# Odin's first AAC trial (video!)



## KristiM (Oct 18, 2011)

http://www.youtube.com/watch?v=ZpbPiMkMo5A&feature=youtu.be

We had a lot of fun, I really like the AAC courses and environment (it's a lot more exciting than NADAC.) We had some good stuff and some bad stuff, he kept *most* of the bars up which was my main goal for the weekend. But we still have a lot of work to do on jumping, he has a really hard time collecting enough for the 26" jumps on straightaways that are only 15' apart! (I'm sure it is going to take a year before we get a jumpers Q!) He also "came in" to me a lot which he has never done before and is a huge pet peeve of mine! However I KNOW it was because I was hndling differently than normal (babysitting the jumps.) Moral of the story, we had fun but we have a lot of work to do!!! (I also learned that I. Have. To. Be. Faster!!)


----------



## MaggieRoseLee (Aug 17, 2001)

Great job on the videos and all your runs! I thought you both looked great. The MOST important thing when starting out trialing is to make sure your dog is still having a blast and wanting to be out there with you doing 'agility' . And I saw that on all the runs.

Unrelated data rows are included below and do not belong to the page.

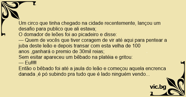 Então o bêbado foi até a jaula do leão e começou aquela encrenca danada ,é pó subindo pra tudo que é lado ninguém vendo nada,quando ele terminou o leão estava jogado de lado e o bêbado falou:
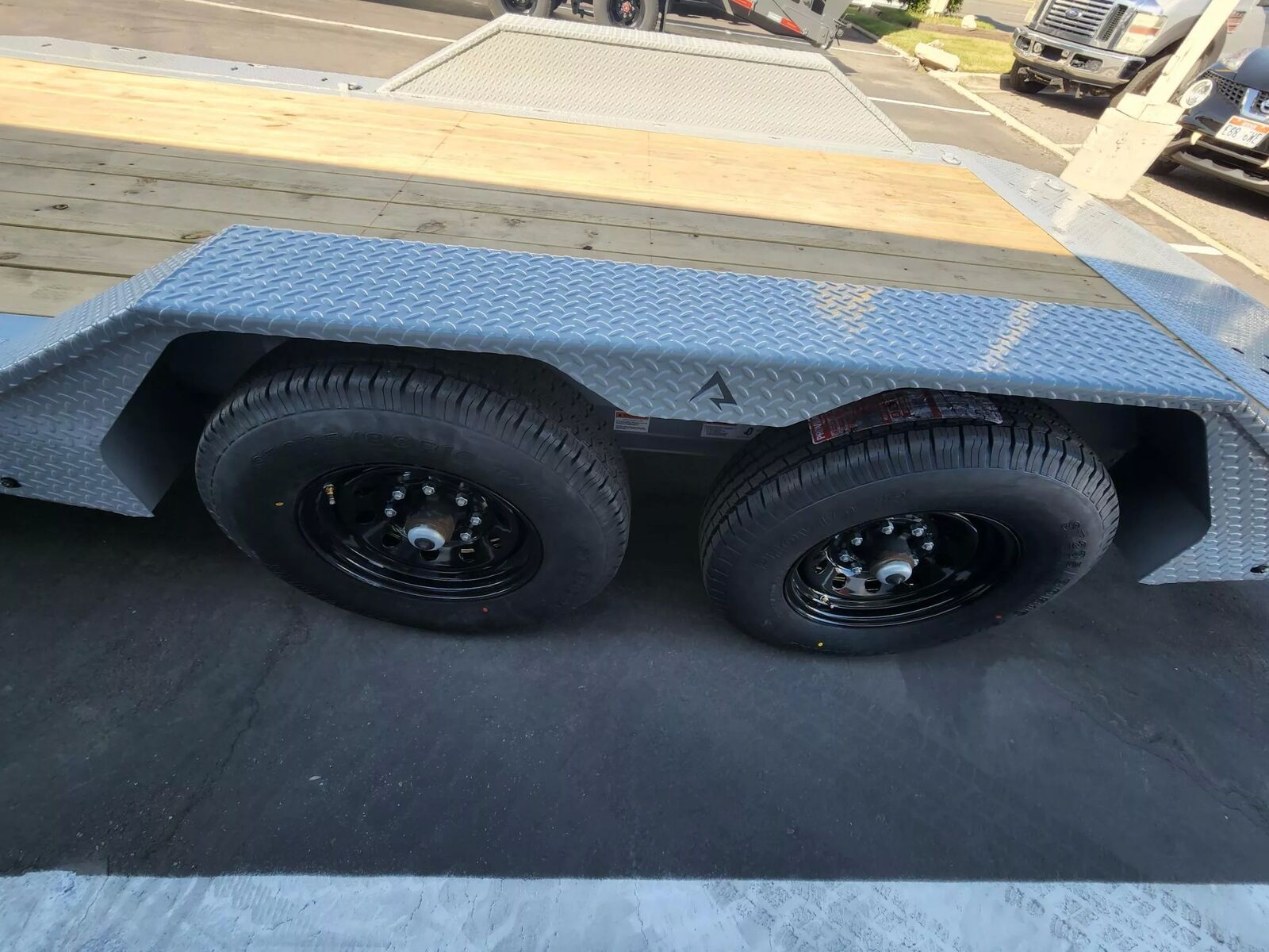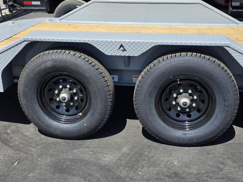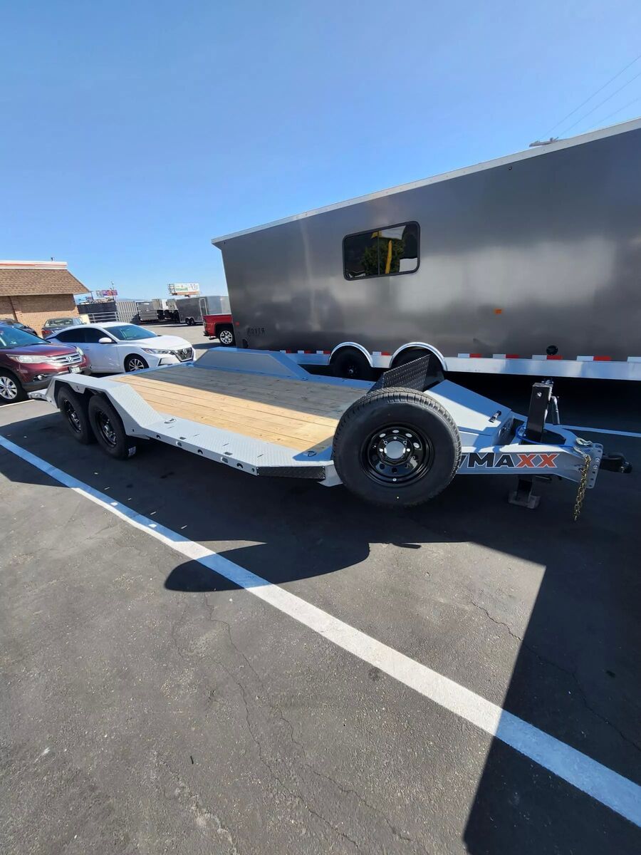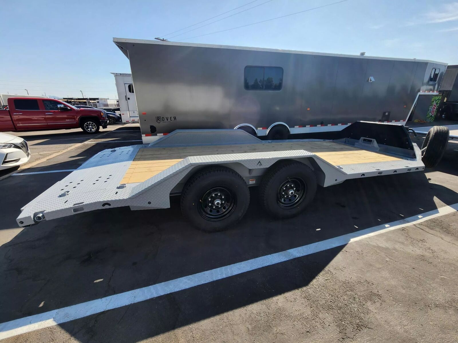 Stock #: RM5970 MANUFACTURE: RawMaxx MODEL: SLX 18' / Equipment / Flatdeck / Flatbed Trailer LENGTH: 18' WIDTH: 102" RAMPS: Slide-Out Ramps WEIGHT: 3500 lb GVWR: 14000 lb PAYLOAD: 10500 lb AXLES: Tandem Dexter Axles TIRES: ST235/80R16 10PLY\
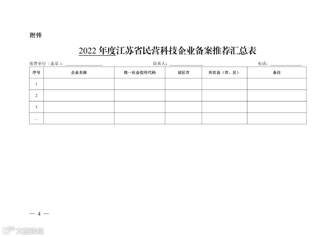为贯彻落实省委省政府《关于印发江苏省优化营商环境行动计划的通知》(苏发〔2022〕9号),加强对民营科技企业的精准支持和服务,按照省民营科技企业协会《关于组织开展2022年度江苏省民营科技企业备案工作的通知》(苏民科协〔2022〕1号)要求,决定组织开展我市2022年江苏省民营科技企业备案工作。有关事项通知如下:
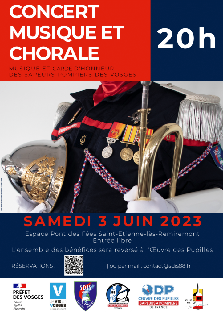 CONCERT CARITATIF DE LA MUSIQUE & DE LA GARDE D’HONNEUR DES SAPEURS-POMPIERS DES VOSGES le 3 juin à 20h00 à l’Espace Pont des Fées, à Saint-Etienne-lès-Remiremont. Chants et musiques militaires, mais pas seulement (venez écouter les sapeurs-pompiers) ! Entrée gratuite sur réservation à contact@sdis88.fr (ou flash du QR code sur l’affiche) Concert donné au profit […]
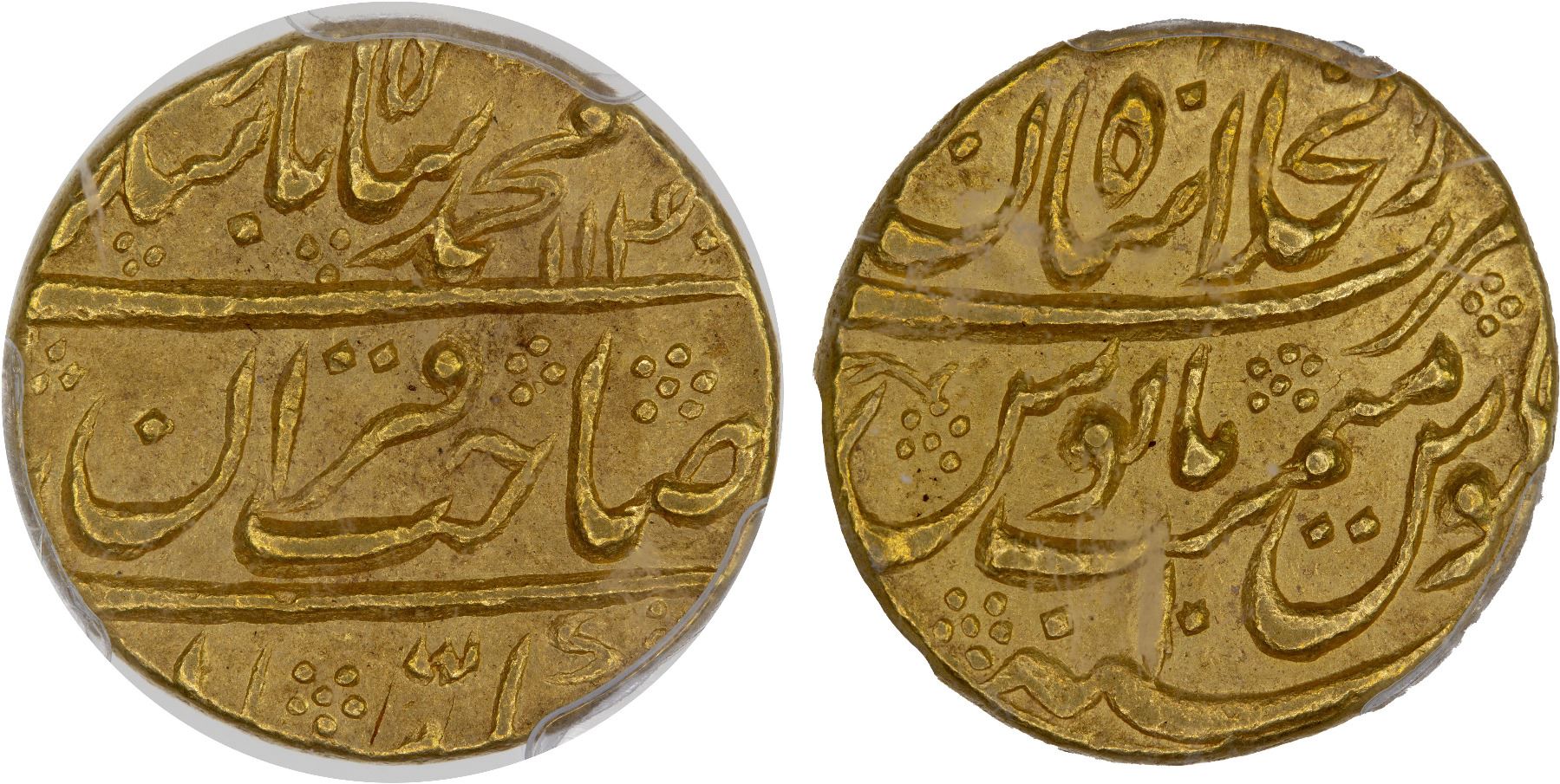 MUGHAL: Muhammad Shah, 1719-1748, AV mohur, Shahjahanabad (Delhi), AH1140 year 10, PCGS AU58
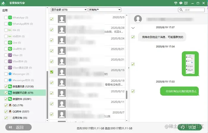 步骤二: 扫描结束,点击左侧的“微信聊天记录”,将显示出来的数据中,找到删除好友的聊天记录,勾选完后就可以点击“恢复”啦!

I would be aware and work on the jumping (knocked bars) but not overly. Some of it seems to be the handler focus and timing issues that experience and more trials help smooth out.

I would be more concerned about the contacts, because when those break down at trials they are almost impossible to fix.

If you teach running contacts, then work with your instructor.

It appeared that some of the time you wanted (and got) a 2on/2off. While other times you were just running on with your dog after he happened to run thru the yellow. It was not clear to me from the video that you were requiring a 2on/2off so I'm thinking your dog may be learning that in class he has to stop (or mom marks and we fix) but at trials it is a WHOOHOO and run on regardless.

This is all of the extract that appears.